§ **REQUIRED WORK**: Copy out the whole listing exactly as written, leaving the pictures behind.

§ **GIVEN INFORMATION**:

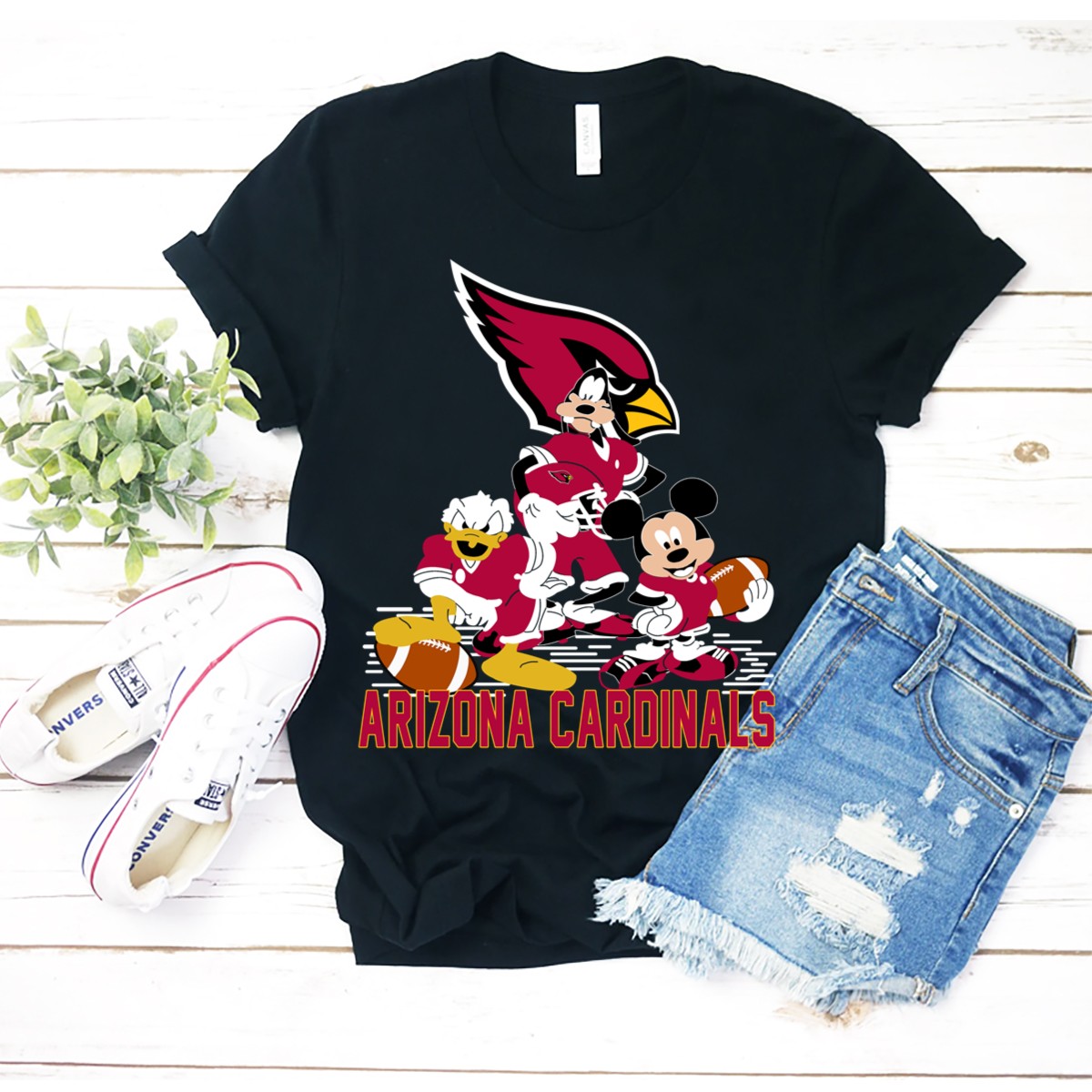 Show off your love for the Arizona Cardinals with our fun and vibrant Mickey, Donald, and Goofy graphic printed T-shirt! Perfect for fans of all ages, this shirt combines your favorite Disney characters with team spirit, making it an ideal choice for casual outings, themed events, and everyday wear. Crafted with comfort in mind, it’s not just a shirt; it’s a statement piece that brings joy and excitement to any occasion.
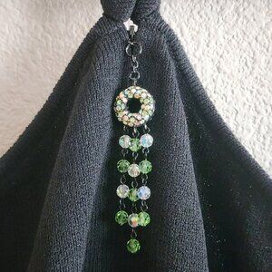 Features unique jeweled hardware with green and iridescent beaded fringe at neckline
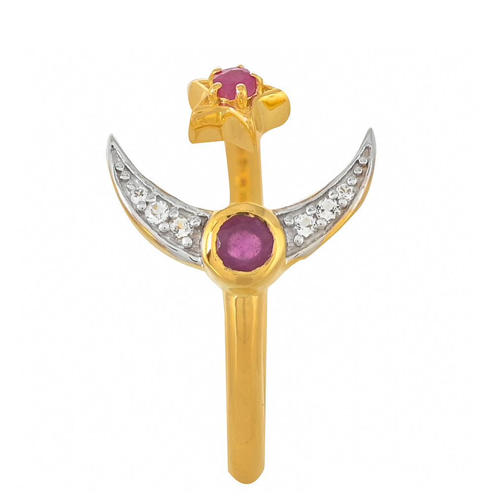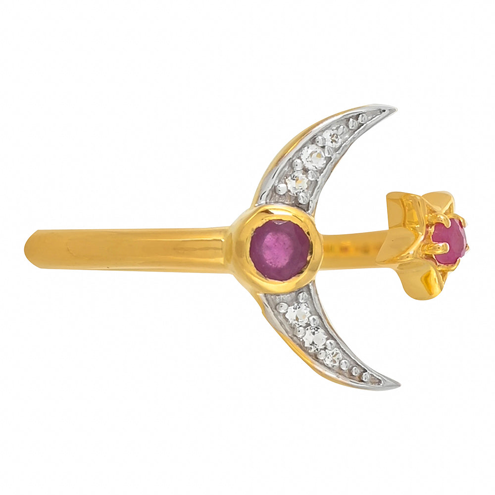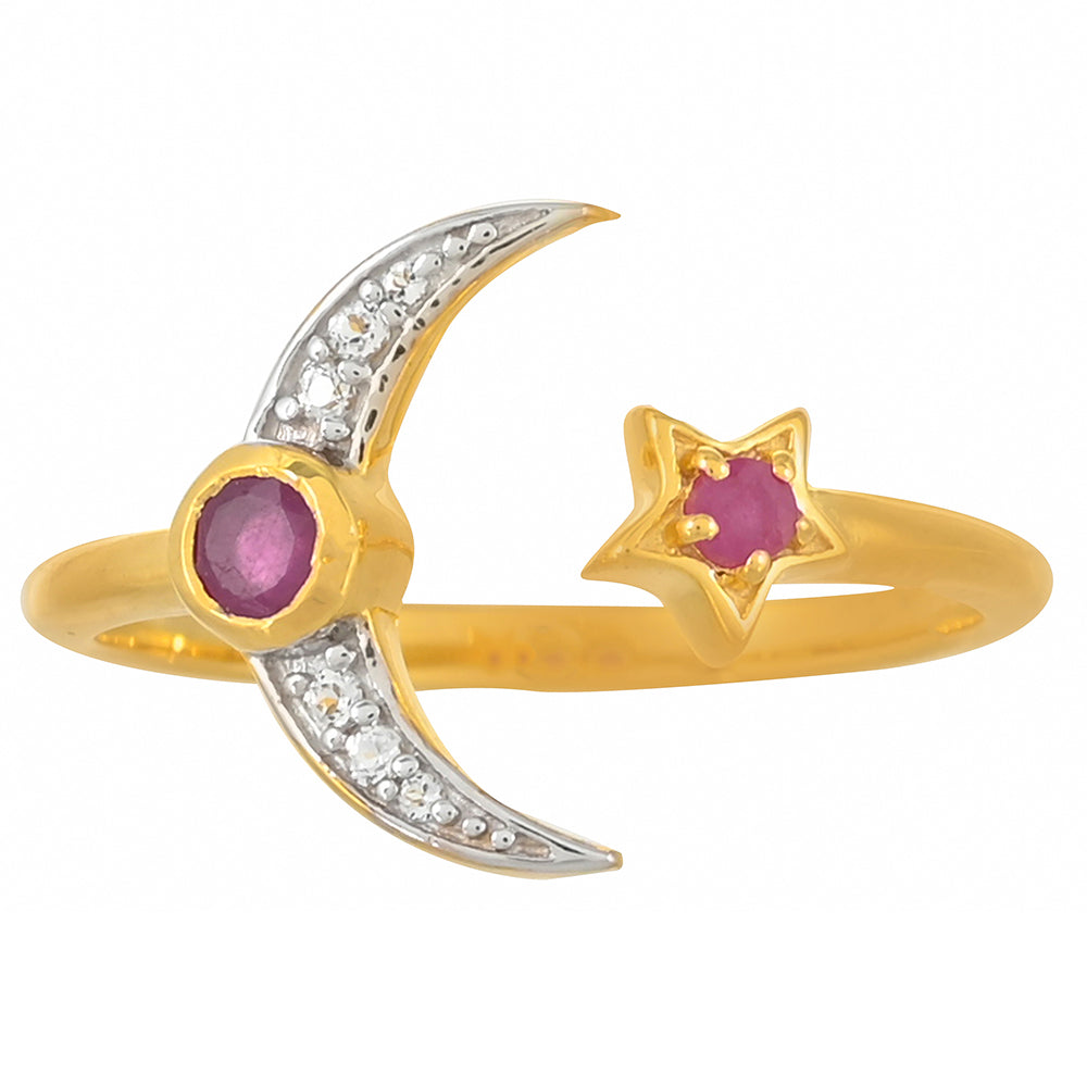 Pozlacené Stříbro 925/1000 - Prsten s Madagaskarským Rubínem - Karátové číslo: 0.29. přibližná hmotnost: 1.99 gramů

§ **RESPONSE**:
 Show off your love for the Arizona Cardinals with our fun and vibrant Mickey, Donald, and Goofy graphic printed T-shirt! Perfect for fans of all ages, this shirt combines your favorite Disney characters with team spirit, making it an ideal choice for casual outings, themed events, and everyday wear. Crafted with comfort in mind, it’s not just a shirt; it’s a statement piece that brings joy and excitement to any occasion.
 Features unique jeweled hardware with green and iridescent beaded fringe at neckline
 Pozlacené Stříbro 925/1000 - Prsten s Madagaskarským Rubínem - Karátové číslo: 0.29. přibližná hmotnost: 1.99 gramů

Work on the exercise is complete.